Bars & Pubs

Belle’s Hot Chicken to Open Bar Clarine

By Stephen A Russell - 07 Mar 2015

When co-owners Miranda Campbell and chef Morgan McGlone threw open the doors of Gertrude Street’s Nashville-style funky chook shack Belle’s Hot Chicken last year, they had no fears about folks shooting the breeze with their spicy wings. What they didn’t necessarily expect was that the natural wine list would prove just as popular, if not more so, than the whiskey.

‘We always knew the chicken would do well, but we really didn’t think wine sales would reach the levels they did and that the natural wine community would embrace us as much as they have,’ Campbell says.

Flash fry forwards and next month the Belle’s crew will open Bar Clarine in the slender space next door that’s always been part of their lease but has, until now, played host to a fair few pop-us. The new venue will take a very different tack from what Campbell describes as Belle’s, ‘raucous goodtime girl, ’ showcasing a European-influenced menu and an expanded wine list of around 40-50 varietals.

‘We’re pitching it as twin sisters who have gone very different paths,’ Campbell says. ‘Bar Clarine is sweet, small and very sophisticated. We’ve done a complete U-turn, from Nashville-style friend chicken to fresher, lighter food that’s more sympathetic to the wine list. We’ve given Morgan the opportunity to cook the food he originally trained in.’

Bar Clarine’s locally sourced and seasonal menu will include house-made pickles and terrines sold by the inch, as well as offering their own cheeses and other charcuterie nibbles. There will also be freshly shucked oysters and a big focus on raw and fresh vegetables. ‘We really wanna engage with the best our state has to offer and showcase that,’ Campbell adds.

Always ready to embrace new ideas, Campbell has been impressed by Melbourne diners’ willingness to get on board with the wines, which involve as little chemical intervention as possible. ‘There’s a real ethos and thought-process behind it, an intimacy with the grapes, the land and with the producer. We feel the differences between that and conventional wines are worlds apart. Not that it’s a competition, but we really believe in the producers and what they do and have an enormous respect for the way they craft their wines.’

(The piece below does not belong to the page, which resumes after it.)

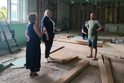 На объекте уже выполнен значительный объем работ, однако многое еще предстоит сделать. В настоящее время в помещениях проведены демонтажные работы дверей, полов, стен. Произведена замена радиаторов. Началась заливка полов, заменена электропроводка в зрительном зале и других помещениях.
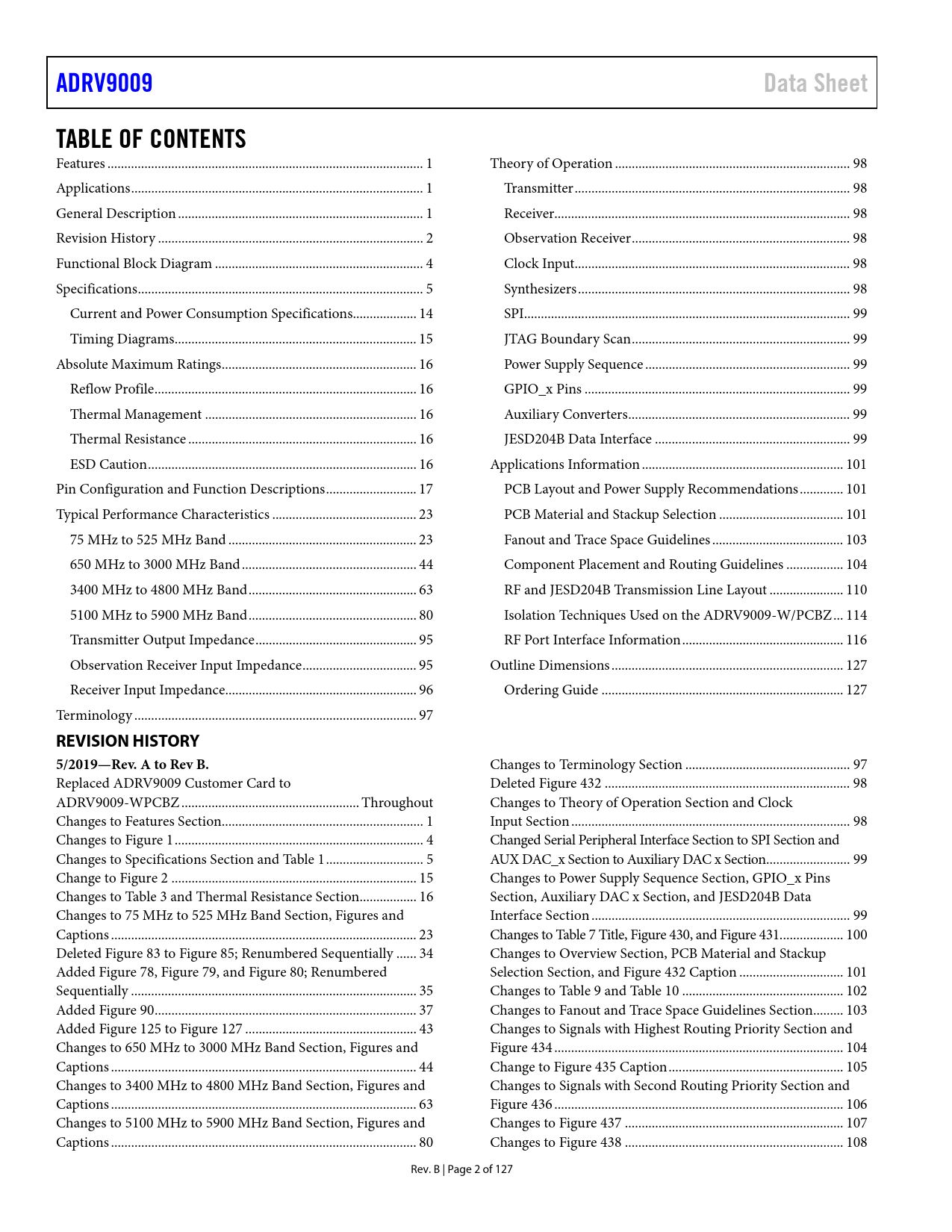 link to page 1 link to page 1 link to page 1 link to page 2 link to page 4 link to page 5 link to page 14 link to page 14 link to page 16 link to page 16 link to page 16 link to page 16 link to page 16 link to page 17 link to page 23 link to page 23 link to page 44 link to page 63 link to page 80 link to page 95 link to page 95 link to page 96 link to page 97 link to page 98 link to page 98 link to page 98 link to page 98 link to page 98 link to page 98 link to page 99 link to page 99 link to page 99 link to page 99 link to page 99 link to page 99 link to page 101 link to page 101 link to page 101 link to page 103 link to page 104 link to page 110 link to page 114 link to page 116 link to page 127 link to page 127 ADRV9009Data SheetTABLE OF CONTENTS Features .. 1 Theory of Operation .. 98 Applications ... 1 Transmitter .. 98 General Description ... 1 Receiver.. 98 Revision History ... 2 Observation Receiver ... 98 Functional Block Diagram .. 4 Clock Input .. 98 Specifications ... 5 Synthesizers ... 98 Current and Power Consumption Specifications ... 14 SPI ... 99 Timing Diagrams .. 15 JTAG Boundary Scan ... 99 Absolute Maximum Ratings .. 16 Power Supply Sequence ... 99 Reflow Profile .. 16 GPIO_x Pins ... 99 Thermal Management ... 16 Auxiliary Converters .. 99 Thermal Resistance .. 16 JESD204B Data Interface .. 99 ESD Caution .. 16 Applications Information .. 101 Pin Configuration and Function Descriptions ... 17 PCB Layout and Power Supply Recommendations ... 101 Typical Performance Characteristics ... 23 PCB Material and Stackup Selection ... 101 75 MHz to 525 MHz Band .. 23 Fanout and Trace Space Guidelines ... 103 650 MHz to 3000 MHz Band .. 44 Component Placement and Routing Guidelines ... 104 3400 MHz to 4800 MHz Band .. 63 RF and JESD204B Transmission Line Layout .. 110 5100 MHz to 5900 MHz Band .. 80 Isolation Techniques Used on the ADRV9009-W/PCBZ ... 114 Transmitter Output Impedance .. 95 RF Port Interface Information .. 116 Observation Receiver Input Impedance .. 95 Outline Dimensions ... 127 Receiver Input Impedance... 96 Ordering Guide .. 127 Terminology .. 97 REVISION HISTORY5/2019—Rev. A to Rev B. Changes to Terminology Section ... 97 Replaced ADRV9009 Customer Card to Deleted Figure 432 ... 98 ADRV9009-WPCBZ ... Throughout Changes to Theory of Operation Section and Clock Changes to Features Section.. 1 Input Section ... 98 Changes to Figure 1 .. 4 Changed Serial Peripheral Interface Section to SPI Section and Changes to Specifications Section and Table 1 ... 5 AUX DAC_x Section to Auxiliary DAC x Section ... 99 Change to Figure 2 ... 15 Changes to Power Supply Sequence Section, GPIO_x Pins Changes to Table 3 and Thermal Resistance Section ... 16 Section, Auxiliary DAC x Section, and JESD204B Data Changes to 75 MHz to 525 MHz Band Section, Figures and Interface Section ... 99 Captions ... 23 Changes to Table 7 Title, Figure 430, and Figure 431... 100 Deleted Figure 83 to Figure 85; Renumbered Sequentially .. 34 Changes to Overview Section, PCB Material and Stackup Added Figure 78, Figure 79, and Figure 80; Renumbered Selection Section, and Figure 432 Caption ... 101 Sequentially ... 35 Changes to Table 9 and Table 10 .. 102 Added Figure 90 .. 37 Changes to Fanout and Trace Space Guidelines Section ... 103 Added Figure 125 to Figure 127 ... 43 Changes to Signals with Highest Routing Priority Section and Changes to 650 MHz to 3000 MHz Band Section, Figures and Figure 434 .. 104 Captions ... 44 Change to Figure 435 Caption .. 105 Changes to 3400 MHz to 4800 MHz Band Section, Figures and Changes to Signals with Second Routing Priority Section and Captions ... 63 Figure 436 .. 106 Changes to 5100 MHz to 5900 MHz Band Section, Figures and Changes to Figure 437 ... 107 Captions ... 80 Changes to Figure 438 ... 108 Rev. B | Page 2 of 127 Document Outline Features Applications General Description Revision History Functional Block Diagram Specifications Current and Power Consumption Specifications Timing Diagrams Absolute Maximum Ratings Reflow Profile Thermal Management Thermal Resistance ESD Caution Pin Configuration and Function Descriptions Typical Performance Characteristics 75 MHz to 525 MHz Band 650 MHz to 3000 MHz Band 3400 MHz to 4800 MHz Band 5100 MHz to 5900 MHz Band Transmitter Output Impedance Observation Receiver Input Impedance Receiver Input Impedance Terminology Theory of Operation Transmitter Receiver Observation Receiver Clock Input Synthesizers RF PLL Clock PLL SPI JTAG Boundary Scan Power Supply Sequence GPIO_x Pins Auxiliary Converters AUXADC_x Auxiliary DAC x JESD204B Data Interface Applications Information PCB Layout and Power Supply Recommendations Overview PCB Material and Stackup Selection Fanout and Trace Space Guidelines Component Placement and Routing Guidelines Signals with Highest Routing Priority Signals with Second Routing Priority Signals with Lowest Routing Priority RF and JESD204B Transmission Line Layout RF Routing Guidelines Transmitter Balun DC Feed Supplies JESD204B Trace Routing Recommendations Routing Recommendations Stripline Transmission Lines vs. Microstrip Transmission Lines Isolation Techniques Used on the ADRV9009-W/PCBZ Isolation Goals Isolation Between JESD204B Lines RF Port Interface Information RF Port Impedance Data Advanced Design System (ADS) Setup Using the DataAccessComponent and SEDZ File Transmitter Bias and Port Interface General Receiver Path Interface Impedance Matching Network Examples Outline Dimensions Ordering Guide

Campbell is hesitant to claim any glory for pushing the industry to the forefront through Belle’s Hot Chicken. ‘I think it was a timing thing; we really just caught the crest of the wave, putting it into a format that was really approachable as well. I don’t think anyone could be intimidated by our Belle’s menu. People can access those wines in a really fun environment.’

Moving up the road from Andrew McConnell’s Moon Under Water, George McCulloch will be front of house at Bar Clarine, with Peter Jo assisting on expanding on the good work achieved crafting Belle’s wine list. ‘I’ve really got to commend him for really developing an easy and accessible language around the wines so that, above all, it’s enjoyable,’ Campbell says. ‘We’re often dealing with quite limited amounts because of the nature of the wine. There are endless wines out there to try, and that’s George’s job.’

Sporting a clean, Scandinavian look that makes the most of 150-year-old exposed bluestone walls as well as the obligatory bright white and wooden finishes, Campbell adds, ‘we really want the colour to come from the plate and the wine.’

Bar Clarine is set to open on Gertrude Street in April.